At the close of each fiscal year, Apple (NASDAQ:AAPL) files its 10-K, a several-hundred-page document that gives investors a deep look into the company's operations. Yesterday I took a look at research and development (R&D) disclosures from the company's 10-K.
However, the 10-K features no shortage of other storylines that you might be missing if you only follow the headlines on areas like R&D. I've gone through Apple's 10-K highlighting the differences between its 2011 and 2012 10-K, and there are some interesting additions Apple made this year.
I'm taking a look at new information from Apple's 10-K that's catching my eye, next up is what Apple's saying about Europe.
Trouble in Europe
The fact that Apple's Europe segment would trail other regions should come as no surprise, since the continent is struggling. Sales in Apple's Europe segment increased 31% in fiscal 2012, well below the company's 45% overall growth rate. However, Apple's 10-K offers some additional commentary on the situation. A new addition in this year's 10-K states:
"Lower year-over-year growth in net sales in the Europe segment during 2012 compared to the Company's other geographic segments reflects growth in iPhone unit sales that was well below the growth rates experienced by the Company's other operating segments, partially offset by strong growth in iPad unit sales."
Apple blames slower growth in Europe largely on the iPhone. Compare that with the prior year, when Apple trumpeted that carrier expansion of the iPhone was a driving force behind Europe's results:
"The increase in net sales during 2011 was attributable primarily to the continued year-over-year increase in iPhone revenue from carrier expansion and strong demand for iPhone 4."
Europe pushing back
With Apple having pushed out most of its European expansion last year, the counteracting force of carriers in weaker economies like Spain that are pushing back against subsidies could be a factor in the company's slowing iPhone growth in the region. The most notable example was Telefonica (NYSE:TEF), which balked at phone subsidies in March of this year. The result is that wireless customers must pay the full $600-plus charge for an iPhone, though it's now charged as installment payments to customers' usual wireless bill.
Apple's Europe disclosure brings up a very important point to analyzing the company. Impressive iPhone growth rates have been aided in prior years not just by an increased demand among consumers to buy iPhones, but also by the fact that expansion in the number of carriers selling the iPhone each year increased the addressable market for the phone itself.

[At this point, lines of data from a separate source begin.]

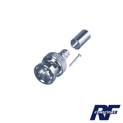 Conector BNC Macho para cable RG-59/U, RG-11/U. de 3 piezas de Pin soldado y anillo ponchado, 27 mm, anillo 13 mm.
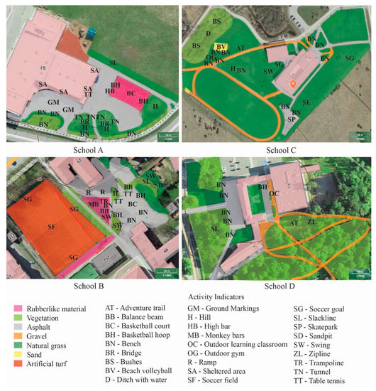 Figure 1 presents the schoolyard mapping cases from each school. School A was located in a city in the southern part of Estonia. The landscape was mainly flat with three artificially made small hills covered with natural grass and some vegetation like trees separating the schoolyard from the road. A large part of the schoolyard was covered with asphalt, which had some markings allowing students to engage in different games and activities. Asphalt also afforded the opportunity for students to ride scooters, bicycles, or skateboards in the schoolyard. In addition, the schoolyard included a basketball court, slackline, a few benches, table tennis, two tunnels going through two of the hills, a bridge connecting two of the hills, and a sheltered area in front of the school. The schoolyard provided opportunities to develop basic motor skills like running, jumping, walking, crawling, balancing, and climbing. Students also had access to different equipment, like balls and rackets, that afforded throwing and catching. Potential hazards of the schoolyard included not having a fence and a road passing right by the schoolyard.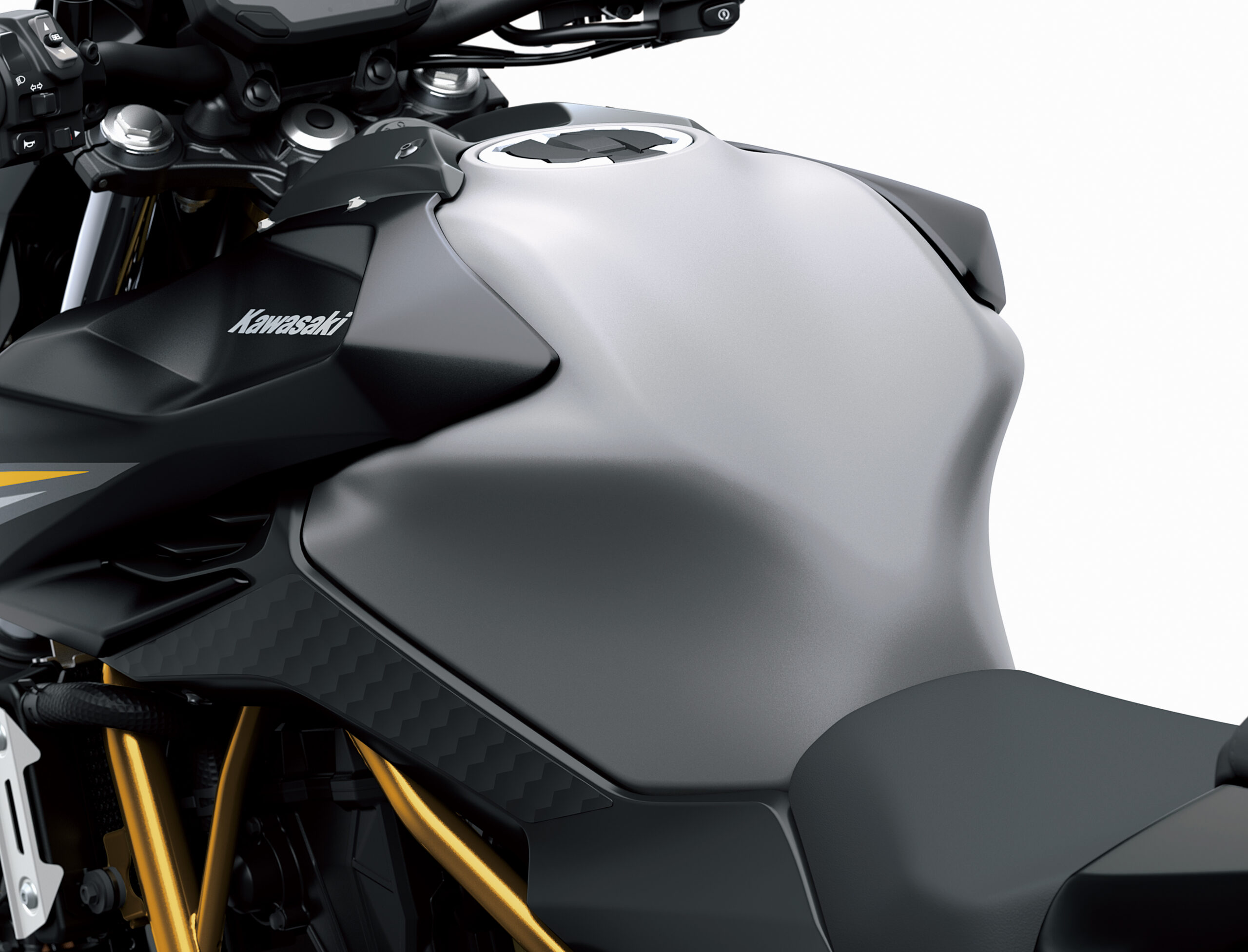 La nouvelle Z650 S est équipée d’un nouveau guidon plus large de type « fat-bar ». Ce guidon est 10 mm plus haut et 30 mm plus large. En avançant le guidon de 40 mm, on obtient un compromis idéal entre une position de conduite active pour un contrôle optimal de la moto et une position de conduite confortable. Et pour optimiser encore le confort, la nouvelle selle est 15 mm plus haute et plus plate, ce qui fait que le pilote a les jambes moins pliées.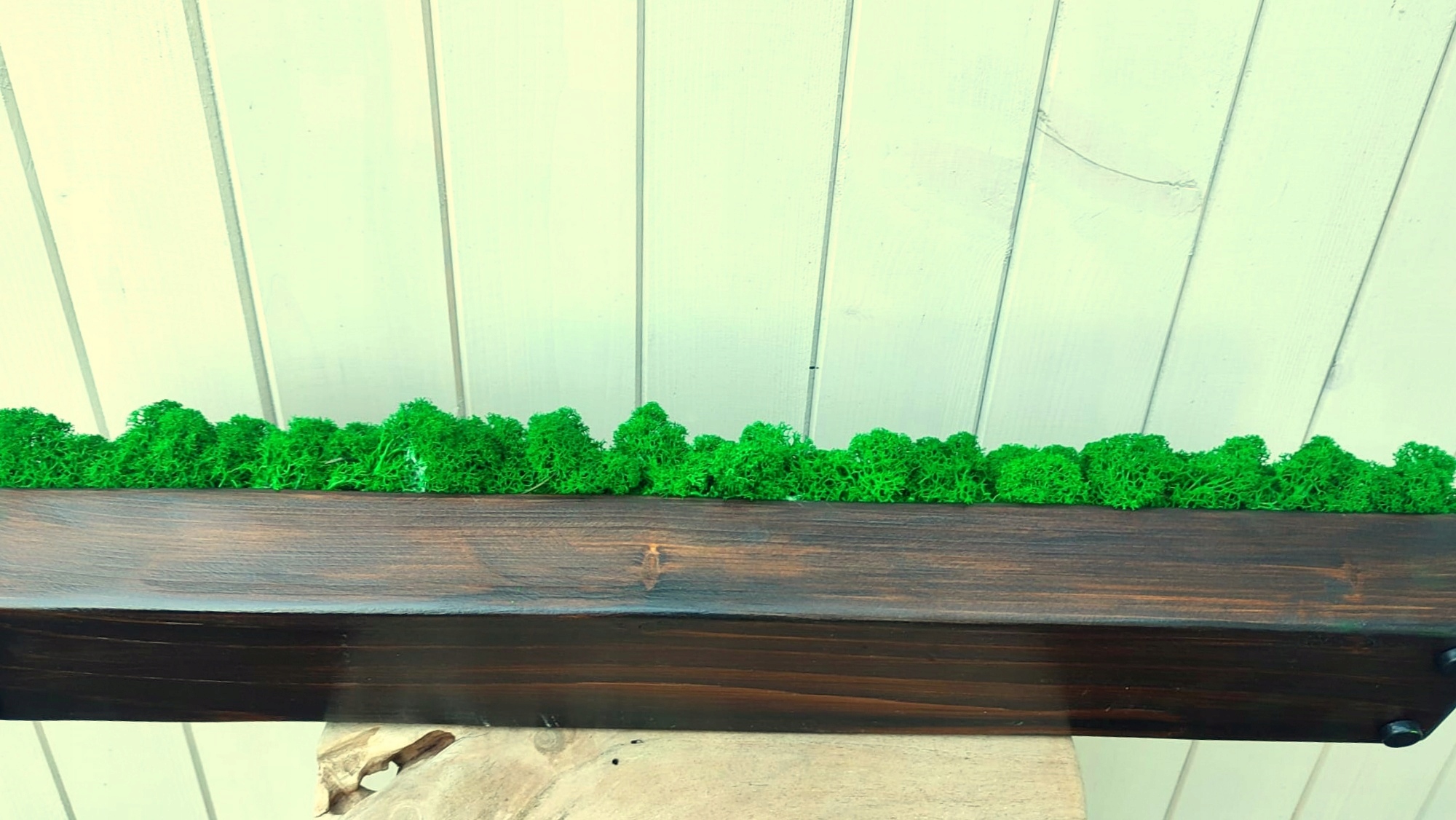 Деревянный цветочный горшок с мхом CHERRY MOSS в длинном горшке 40 см, декор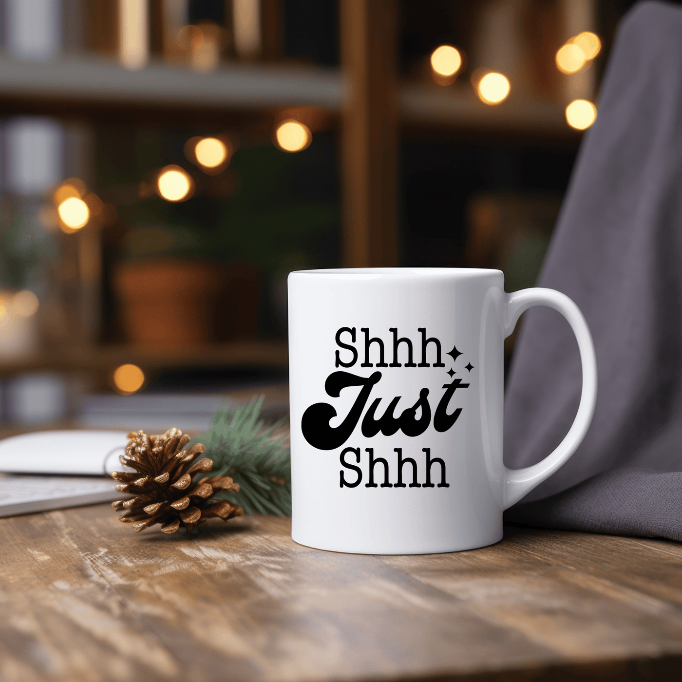 Embrace the tranquility of your coffee ritual with our exclusive coffee mug featuring the simple yet powerful message: "Shhh Just Shhh."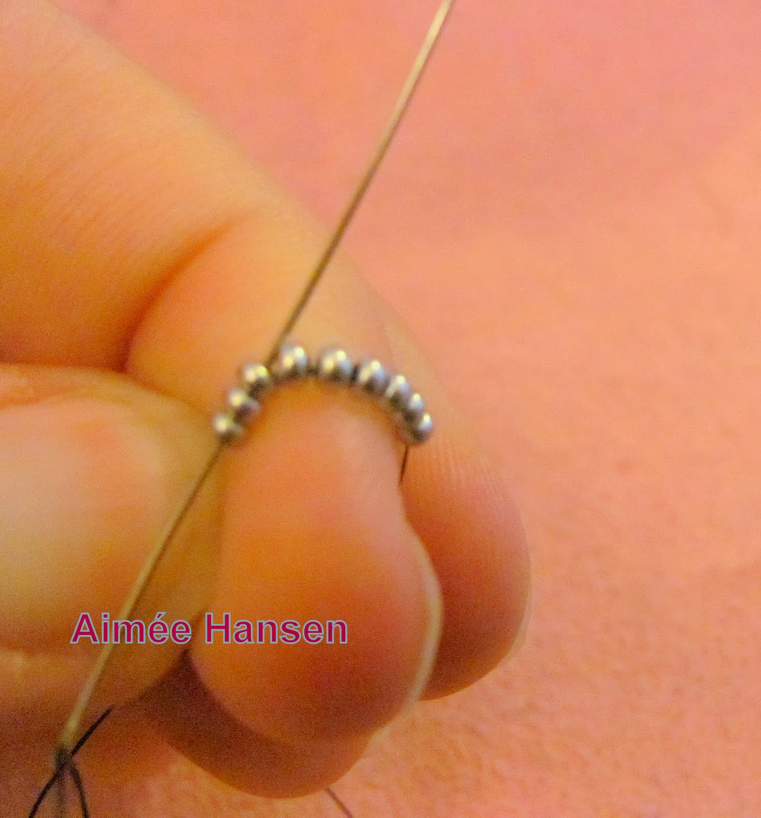 - на каждый отрезок наберите бисер примерно в 20-25 см;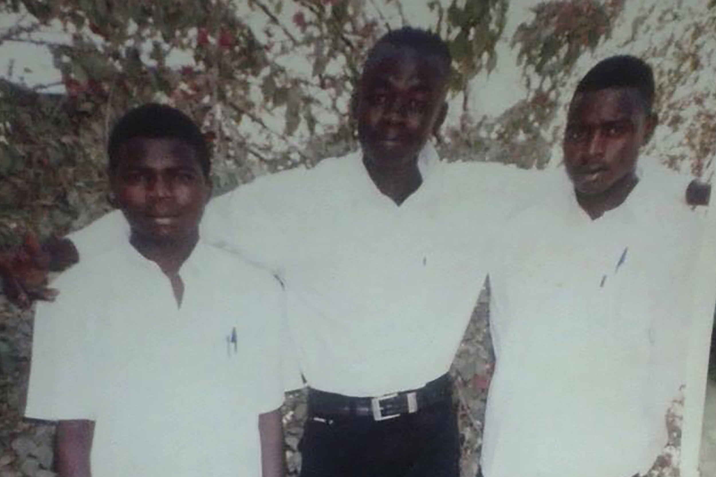 Image 1: Guy is currently enrolled at Harvard Extension School. He hopes to graduate in 2020. Image 2: A younger Guy (center) with classmates.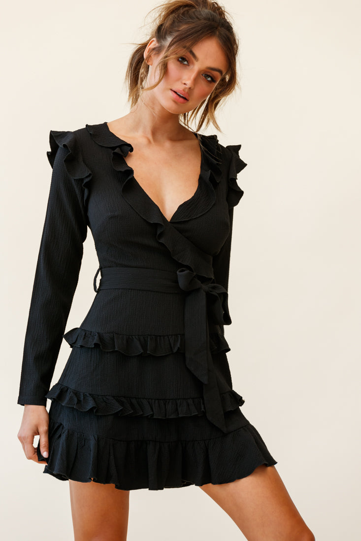 Sugar couldn't make you any sweeter in our adorable Jemirah dress. Featuring a ruffle-trimmed surplice neckline, long sleeves, ruffle shoulders and tiered frill detail in the skirt. Perfect for Sunday Brunch and mimosas with your bff's teamed with boots and gold hoop earrings.

How much "growth fuel" is left for Apple from striking new partnerships abroad?
What expansion remains?
On the expansion front, a look at North America shows Apple having signed agreements with remaining opportunities such as Sprint Nextel (NYSE:S) and smaller prepaid carriers such as Leap Wireless, which limits its additional revenue-generating opportunities from expansion in the United States. The notable glaring omission is T-Mobile, which is the fourth largest U.S. carrier but still has more than 30 million subscribers and would add another 9 million if its purchase of MetroPCS closes.
The geographic region with the most potential for expansion remains Asia-Pacific. Most of the attention here rightfully goes to China Mobile (NYSE:CHU). The carrier closed last year with 650 million subscribers and has a large army of users who already use the iPhone, even though it's not officially sold through the carrier. As of March, China Mobile reported 15 million iPhones on its network.
In Japan, the nation's largest carrier carrier, NTT DoCoMo, which has more than 60 million subscribers, also doesn't offer the iPhone. That's a pretty mighty opportunity in a very developed market. In less developed areas, markets such as India present almost pure upside to Apple. Though with Apple still lacking a retail presence in the country -- in part because of Indian law -- investors shouldn't expect that market to be a repeat of Apple's China success.
250 carriers down, but some big fish left
Will Apple's share be as high on carriers where it gets a late entry? Probably not. Not only have subscribers already bought Android phones and acquainted themselves with its interface and bought apps and media, but customers who really wanted the iPhone have had years to switch to alternative carriers offering the phone. The obvious example would be in America, where iPhone activations as a percentage of smartphones are much higher on AT&T (NYSE:T) compared with Verizon (NYSE: VZ). AT&T famously had years of exclusivity with the iPhone in America.
The bottom line on expansion as a driver of growth is that it's slowing down, especially in more developed areas, with a particularly glaring omission being Japan's NTT DoCoMo. However, especially in the Asia-Pacific market, opportunities remain. The big fish is still China, where 15% of Apple's revenue came from last quarter. Its stunning to think that number included little contribution from the country's largest carrier.
The iPhone is now on "over 250 carriers" That's a pretty high number, but still leaves out some notable major providers. If anything, with opportunities tilting toward Asia, it shows how that geography will stay the center of Apple's growth in the years to come.